Reasoning Activation, which constructs simple yet useful chain-of-thought (CoT) fine-tuning examples to stimulate reasoning capabilities within the recommendation context.
Reasoning Enhancement, where we design a recommendation-specific reward function that accounts for the multi-validity nature of user preferences.

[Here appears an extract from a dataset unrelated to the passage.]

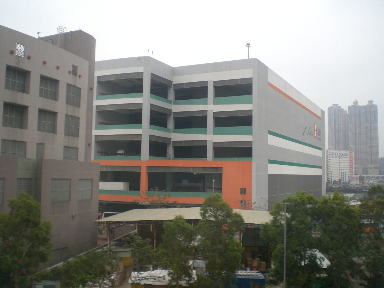 新世界第一巴士 New World First Bus, Chai Wan 柴灣車廠. By me.
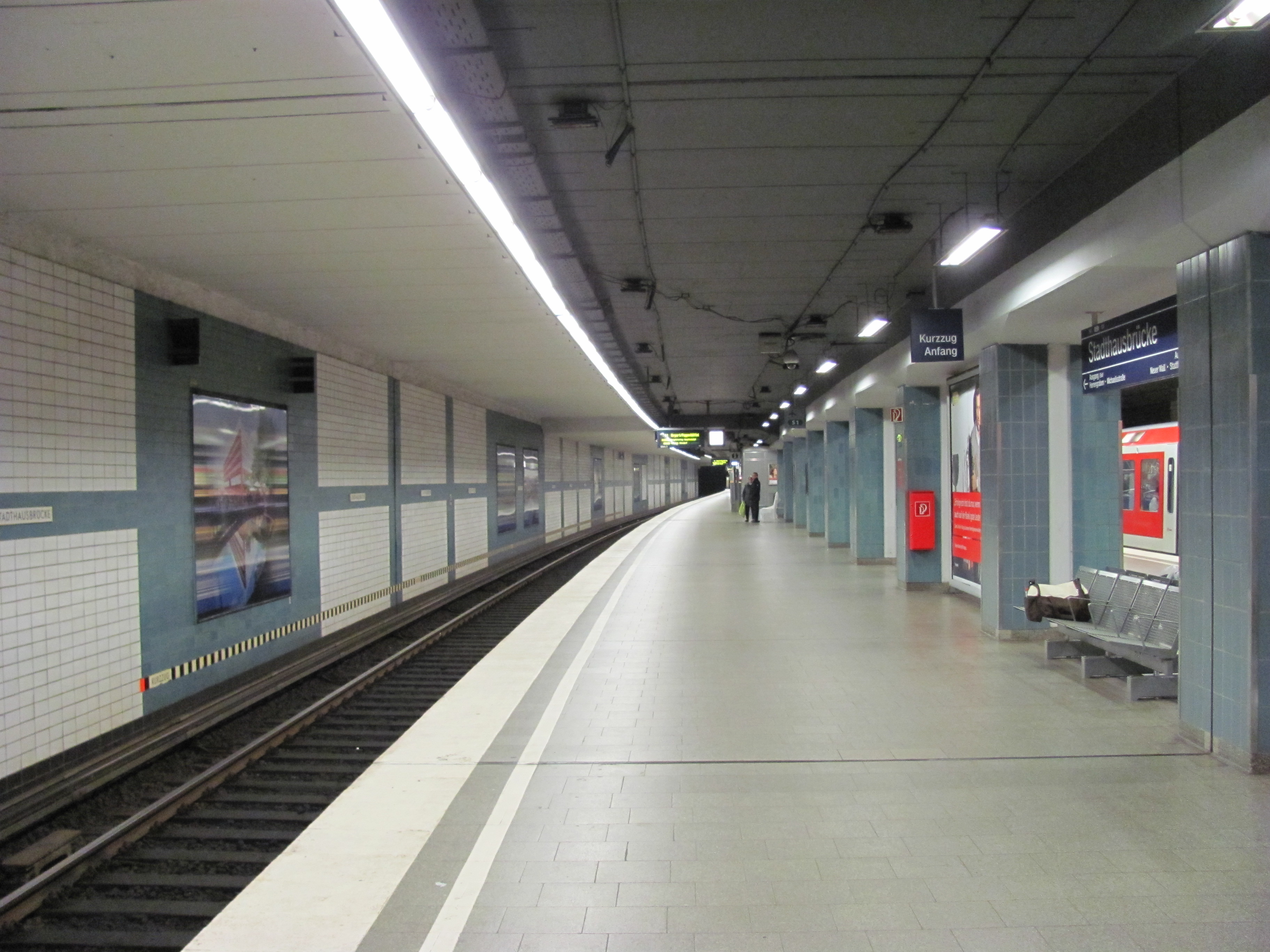 S-Bahn station Stadthausbrücke in Hamburg, Germany

We validate our model's effectiveness on multiple public datasets, with its deployment on an industrial-scale short-video platform yielding a further online gain of 0.159% in APP Stay Time. Additionally, we conduct extensive case studies that provide qualitative evidence for the role of reasoning in recommendation.

Getting Started

Run the environment setup script before proceeding:

bash setup_conda_env.sh

1. Obtain the Base Model

Download Qwen3-1.7B from Hugging Face

cd basemodel
python3 download_basemodel.py

The model is saved under basemodel/Qwen3-1-7B/.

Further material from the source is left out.